I'm new to the site, and definitely not a professional photographer.  I do enjoy playing with my 300D.

Anyway, my father was at Goodwill today and came across a Panasonic lens for $20.  I've been trying to figure out what it goes to.  It's a "Panasonic Television Zoom No. 24411".  A google search netted no results (other than another Goodwill listing for the same lens).

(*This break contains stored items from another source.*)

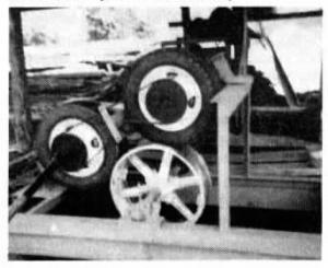 I designed this drive unit for a belt-powered sawmill several years ago and have sawed over 150,000 ft. of wood with no problems at all. !was looking for something that would be easier to use than a flat belt because they would always run off the pulley and had to be so carefully lined up. I wanted to use the same tractor for handling logs and powering the saw. Now I can change from moving logs and lumber to sawing wood in less than a minute with my Massey Ferguson 285 tractor. The tricky part in designing the drive was figuring out how much tire contact was needed to transmit the power of the 85 hp. tractor to the saw drive pulley. Two tires with 1-ton dish wheels attach to 3/4-ton axle housings mounted on a 7-ft. long 8-in. H-beam. A 48-tooth RC60 sprocket bolts to the center of each wheel. Adrive chain, held tight by an idler wheel, runs between the two sprockets.
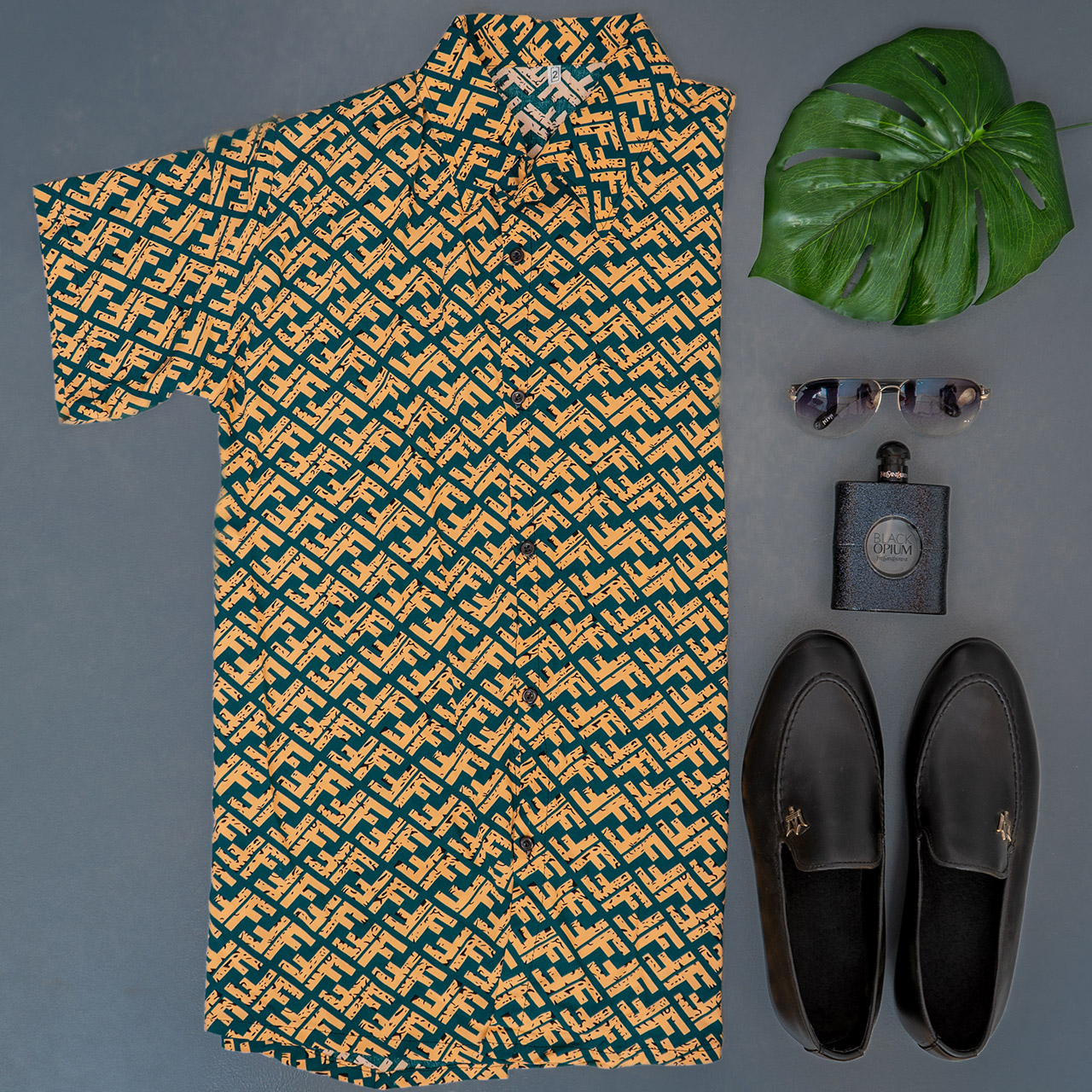 پیراهن هاوایی طرح فندی زرد مردانه مدل F82
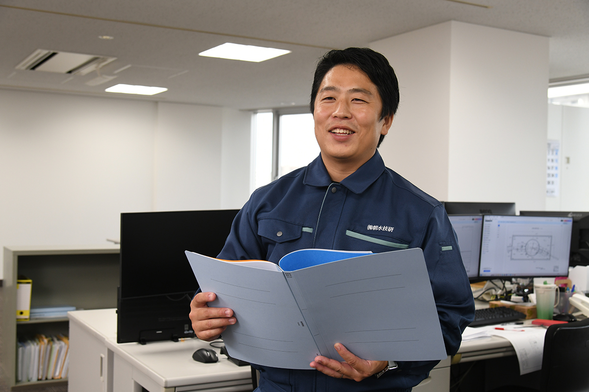 RECRUIT 採用情報 一般の人には、なかなか気づかれないでも実は、めっちゃ地域を支えてる! >>仕事のやりがいは? 一般の人にとっては「揚排水ポンプ設備って何のこと?」と、あまりイメージがつかないかもしれませんが、たとえば灌漑(田んぼや畑に水を送り込むこと)などの用途に使われるものです。その整備や更新(取り換え)工事の現場を監督するのが私の仕事です。 田んぼや畑に水が送れなくなったら、作物が育たず、大変なことになりますよね。だから揚排水ポンプ設備は万全に整備して、いつでも正常に稼働させておかなければいけません。 係長:Oさん(1級電気工事施工管理技士補、第一種電気工事士) 入社6年目(創業メンバー)/前職:同業 「ポンプの調子がおかしい」「水が出なくなった」など、トラブルが起こった時にSOSが来て駆けつけることもあります。速やかに対処して事なきを得たら、農家の方々から「助かったよ!」と、とっても感謝していただけます。自分の仕事が、確かに誰かの役に立っているのだと実感できて、誇らしいですよ。 それに、経験を積めば積むほど、対応できる現場の規模は大きくなります。自分の成長に比例して仕事の手応えが増していくってことです。モチベーションになりますよ! >>朝水技研の好きなところは? 地域と密着した仕事ができることですね。対応エリアは、基本的には千葉県・茨城県近郊あたりまで。必要とされた時にすぐに駆けつけられる範囲に絞っているんです。「この地域には朝水技研がある。何かあってもすぐに来てもらえるから大丈夫」と、地域の農家の皆さんの安心材料になっている自負があります。 それから、創業メンバーとして会社の成長にゼロから立ち会えていることが、とても刺激的で面白いです。もちろん順風満帆なことばかりではないですが、一歩一歩、着実に業績は上がり、規模は拡大しています。「どこまで行けるかな」って、ワクワクしっぱなしですよ。 つい最近、事務所も移転し、以前の約2倍の大きさになりました。新事務所の規模に合わせて、これから人材も増員していくことになるはず。新人さんの持ち込んでくれる新しい空気が、さらに成長を加速させてくれるでしょうね。楽しみにしています! >>大変だと思うことは? 止めてはいけない設備を守っているからこそ、「何かあったらすぐに駆けつけるぞ!」という緊張感はあります。もちろん、自分が動けない時には他の仲間に頼むことができますし、休む時はしっかり休むのですが、やっぱり、出勤日でなくても「何事も起こりませんように」という気持ちは常に頭の片隅にありますね。それだけ、重要な社会インフラを支える仕事をしているってことですよね。 >>これから入社する人へのメッセージ ちょっと特殊な仕事だから、はじめのうちは、わからないことだらけなのが当たり前。少しずつ覚えて行けば大丈夫。丁寧に教えるから心配しないでください。私も指導役になりますが、自分のやり方を押し付けるつもりはありません。一人ひとりを見て、一番その人に合っていると思う教え方を探っていきます。もしやりづらいことがあったら、遠慮なく言ってください。一緒に成長していきましょう! 仕事も遊びも全力でやる!そんなパワフルな人が入社してくれたら心強い! >>仕事のやりがいは? 前職まではずっと職人で、指示を受けて実作業をやる側。今は、自分が最終的な判断を下す側になりました。責任を背負うので、ちょっとプレッシャーにも感じるけど、それがやりがいにつながっています。いい意味でのプレッシャーですね。「ヒリヒリするぜー!」と、楽しく味わっています。 それと、自分は元職人だからこそ、職人の人たちと話が通じやすい面が多々あります。 点検・営業担当:Yさん 入社1年目(前職:配管工事の職人) これまでの経験が無駄になっていないんだと実感できて、うれしいですね。一方で、職人時代には「こういうことだ」と思っていたけど、今の立場になって初めて「あ、実はこういうことだったのか!」と気づくこともあるんです。視野が広がるというか。これまでの自分がアップデートされていくような、面白い経験をさせてもらっています。 >>自分の成長を実感する瞬間は? お客様が「こうしてほしい」と考えている通りに、現場で対応できるとは限りません。そんな時にうまくご説明して、お客様にご納得いただくのは、営業の大事な役目の一つです。 ある時、お客様先のご担当者の方が「私は現場に立ち会っているので、こういう工事法でやるしかないのは納得しているのですが、上から『別のやり方でやれるんじゃないの?』と言われてしまって……」と、板挟みで困っていらっしゃったので、「それでは、このようにご説明してみてください」とお伝えしました。その方が、その通りに上司の方に説明したところ、すんなりと納得してもらえたとのこと。 あの時「それでは~~」の一言が出せた瞬間は、我ながら、営業として一人前になった手応えを感じ
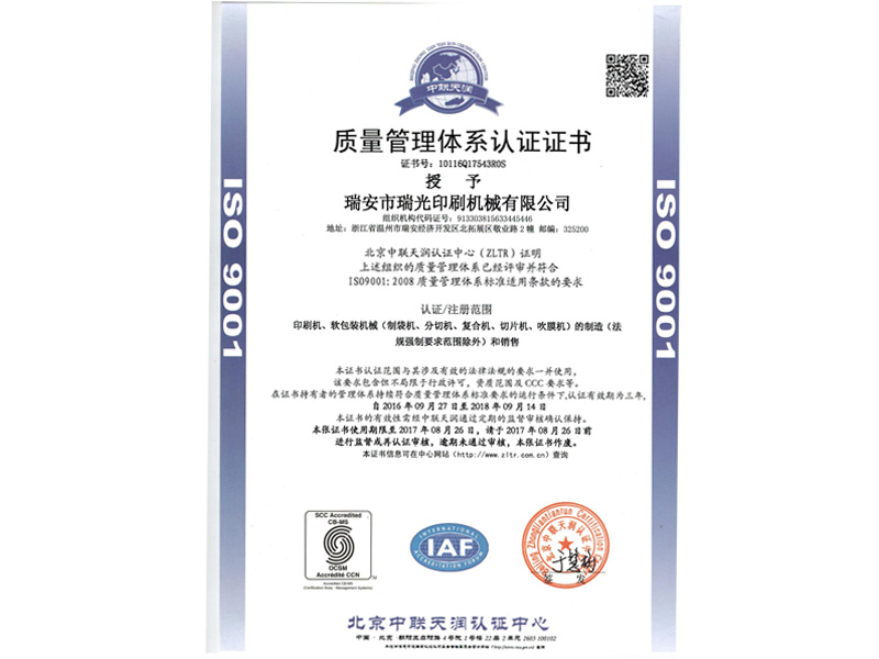 溫州市瑞光印刷機械有限公司是生產銷售凹版印刷機、復合機、分切機、制袋機等設備的廠家。 主打產品“機組式經濟型凹版印刷機”暢銷國內各省市,并遠銷歐洲、東南亞等十多個國家。長期以來,公司致力于印刷包裝機的研究、開發及生產,利用瑞安這個“中國印刷機械設備城”之得天獨厚的生產和加工優勢,博采眾長,不斷研究、提高、完善,使產品逐步突顯其性能和可靠性.....
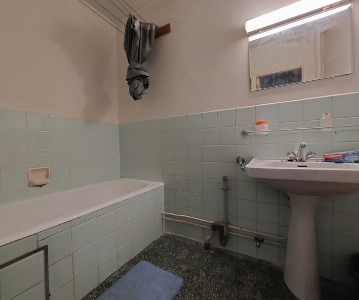 Inkomhal met ingemaakte bergkast, gezellige leefruimte op blokjesparket ( ca. 6m x 3m30), aparte keuken (ca. 1m60 x 5m50), badkamer met ligbad, lavabo en plaats voor wasmachine (ca. 1m50 x 2m20) , apart toilet en ruime slaapkamer (ca. 4m x 3m) . Goed bereikbaar via openbaar vervoer, nabij belangrijke in-en uitvalswegen, winkels en de Antwerpse ring.
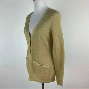 Lauren Ralph Lauren sweater P/P 55% silk gold metallic button down knit cardigan
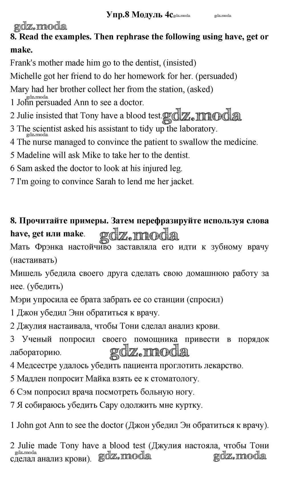 ГДЗ решение к заданию № 8 Английский язык 11 класс Эванс Spotlight Просвещение 2015 ФГОС бесплатно на гдз.мода!
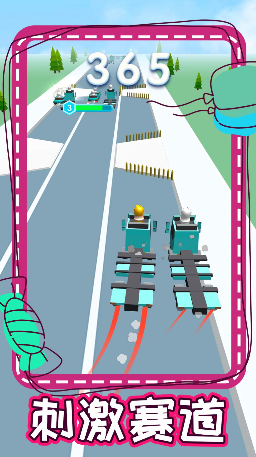 游戏内容,轻松的氛围,适合不同的人群来玩耍,去展现出技巧打败对手;游戏支持多人一起比赛,选择喜欢的车辆去与对手展开刺激的比拼;一路上有很多的障碍物,你要非常的小心,快速的反应过来躲避;
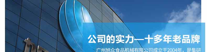廣州旭眾食品機械有限公司是一家集科研開發(fā),生產設計,營銷服務為一體的現(xiàn)代化生產企業(yè)?,F(xiàn)代化生產車間,精湛制造技術,所產機械歷經市場重重考驗,不斷贏得海內外客戶的贊譽。
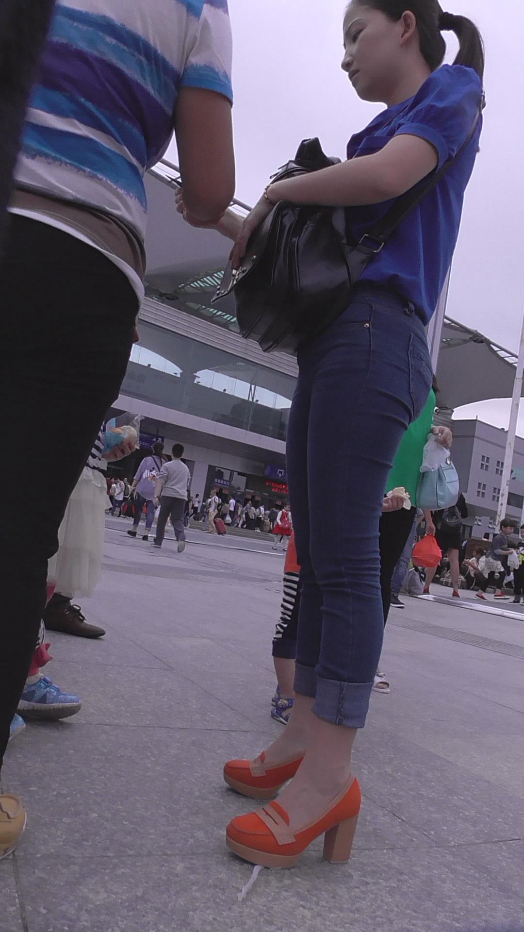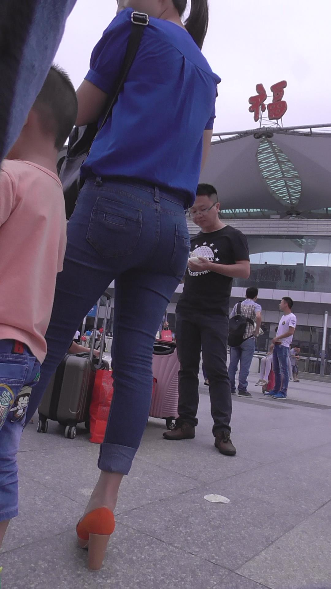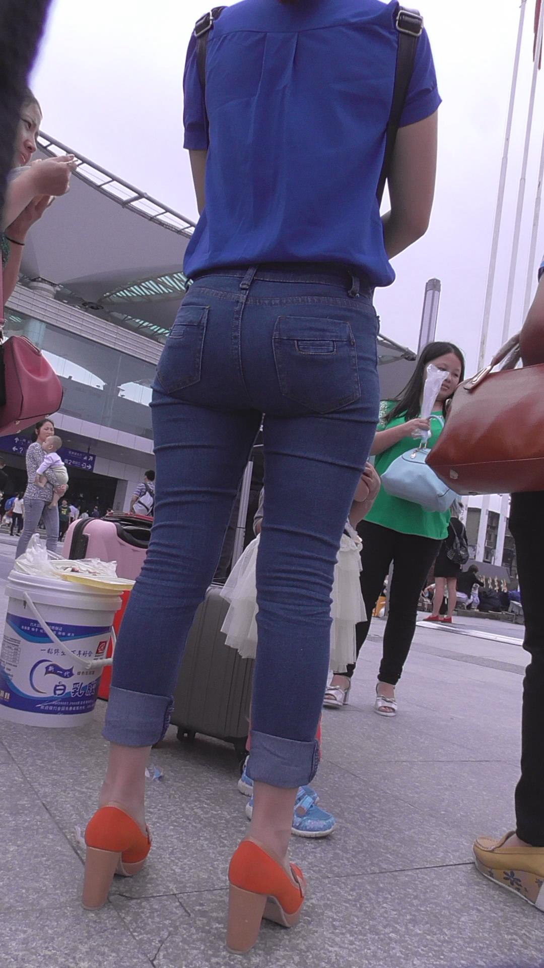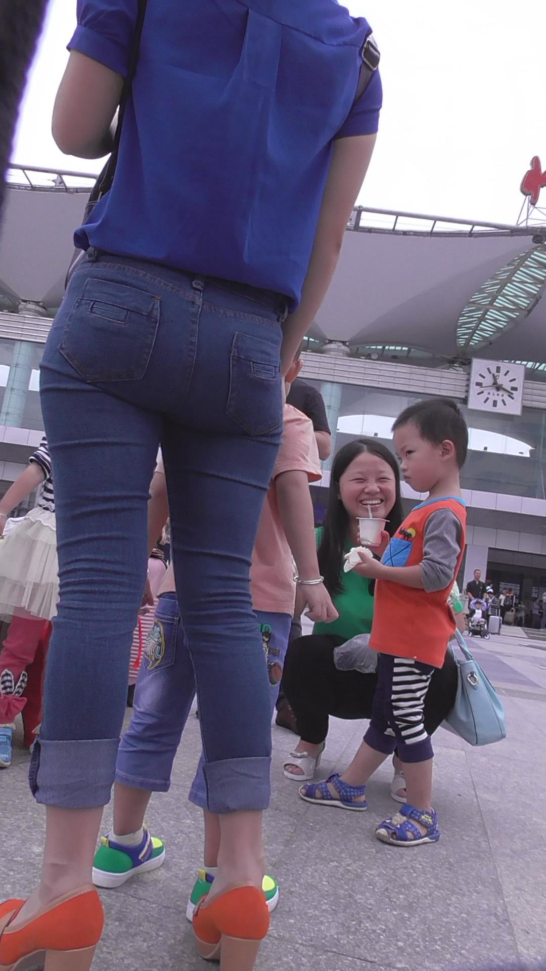 街拍极品宽臀紧身蓝色牛仔裤少妇 编号5919
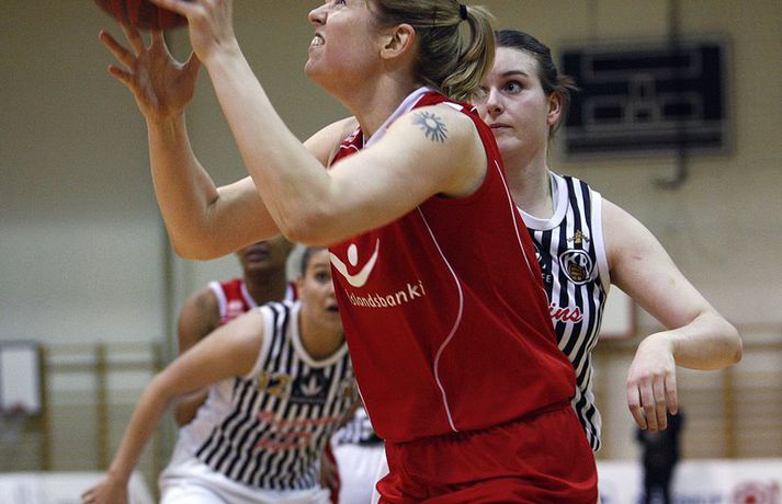 Valskonur eiga ekki lengur möguleika á sæti í úrslitakeppni Iceland Express deildar kvenna í körfubolta eftir 71-78 tap á móti KR í framlengdum leik í kvöld. Valur getur náð KR að stigum með því að vinna tvo síðustu leiki sína en verður alltaf neðar á innbyrðisviðureignum. Baráttan um fjórða og síðasta sætið inn í úrslitakeppnina stendur því á milli KR og Hauka en bæði lið eiga líka möguleika á því að ná Snæfelli að stigum. Snæfellsliðið er í 3. sæti með 28 stig, tveimur meira en KR og fjórum meira en Haukar. Snæfell og Haukar eiga bæði leik inni á KR. Stefán Karlsson, ljósmyndari Fréttablaðsins og Vísis, var á leiknum í DHL-höllinni í kvöld og náði þessum skemmtilegu myndum. Myndirnar má sjá í albúminu hér að neðan. Hægt er að sjá myndirnar stærri með því að smella á þær.
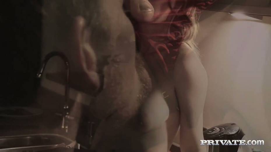 Alluring red haired housewife Lola Gatsby is having sex in the kitchen
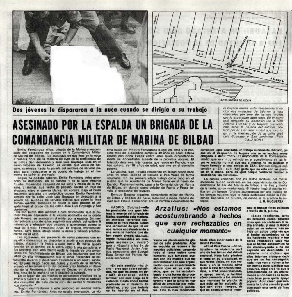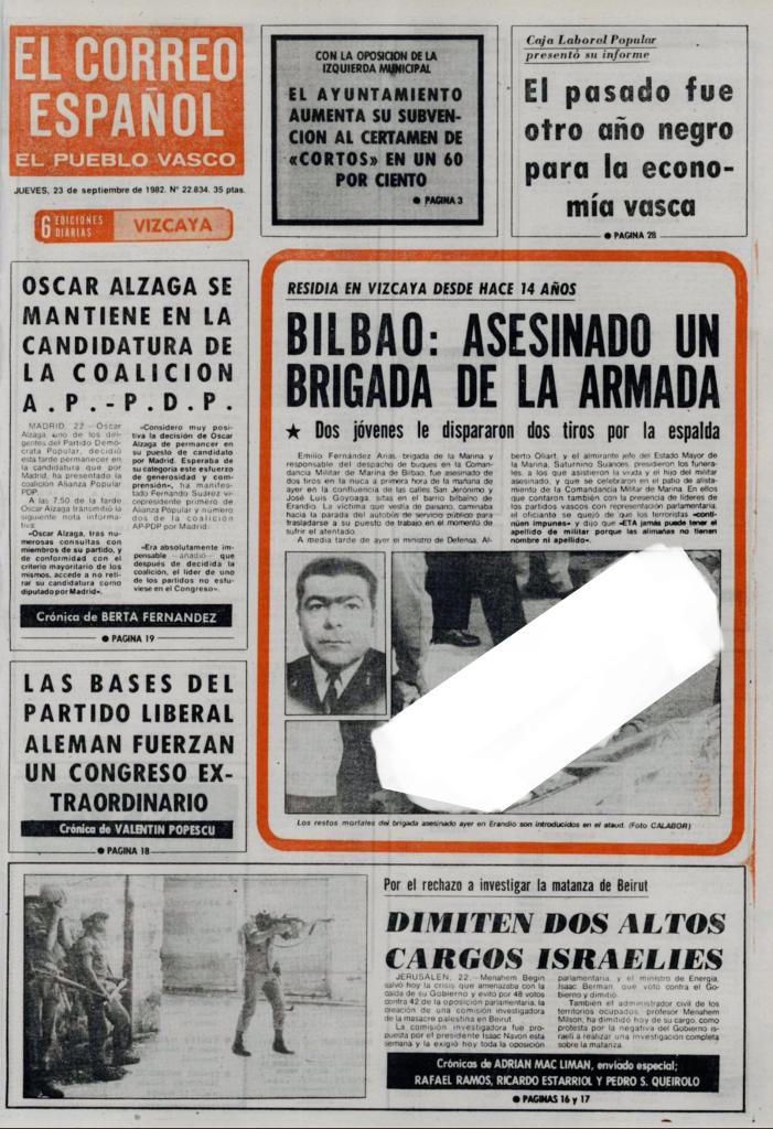 A primera hora de la mañana del 22 de septiembre de 1982, la banda terrorista ETA asesinaba en la localidad vizcaína de Erandio, de dos tiros en la cabeza, al brigada de la Armada EMILIO FERNÁNDEZ ARIAS.
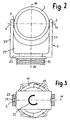 - Fig. 2 shows a frontal view of the annular receptacle 3, which is mounted by means of their bearing pin 5 on the legs 23 of the fork 7 about the axis 11 pivotally.
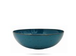 Salaterka o średnicy 23,5 cm z serii Alumina Cottage Laguna polskiej firmy Porcelana Bogucice. Seria Cottage Laguna to linia porcelany w głębokim, turkusowym kolorze, z nieregularnym, nakrapianym wzorem. Takie wzornictwo dodaje charakteru i niepowtarzalnego wyglądu. Jakość porcelany pozwala na bezpieczne mycie jej w zmywarkach, a także na stosowanie jej w kuchenkach mikrofalowych.
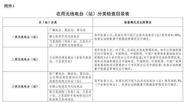 查,根据无线电台(站)的业务功能定位、对其他无线电业务的影响程度以及电磁环境保护要求等不同情况,对在用无线电台(站)实施分类检查,检查频次和比例参见附件3。
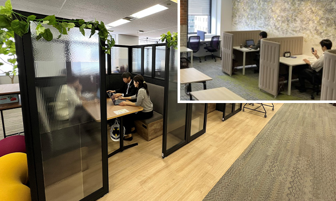 社員の要望を取り入れ、業務に集中できる「フォーカスエリア」を新設しました。さらに、チームで集まりやすい「コミュニケーションエリア」を中央に配置することで、仕事もコミュニケーションも“はかどる”オフィスを実現しています。

Based on "Panasonic Television", I'm guessing it's for a video camera?  It's definitely old.  It has a full metal body.  It's really big for only being 22.5mm~90mm.

Here's some pics:



























Any information would be much appreciated.

-Ray


----------



## compur (Jun 8, 2010)

The big clue is the word "television" on the side of the lens. It's a lens used
on older video cameras.  It appears to have a C-mount (1-inch threaded 
mount).  If it does, that makes it usable on the many 16mm film movie 
cameras that employ that lens mount and are still used by film makers and 
students.


----------



## LCARSx32 (Jun 9, 2010)

Thank you Compur!  That's exactly what I needed to know.  It looks like it was manufactured by Asahi Pentax for Panasonic.  I came across an auction on ebay by searching for "C-mount 90mm" that is identical except the brand name was "Sun-Cosmicar".  

eBay Auction for Sun-Cosmicar C-mount lens

Thanks again.  You rock!

-Ray


----------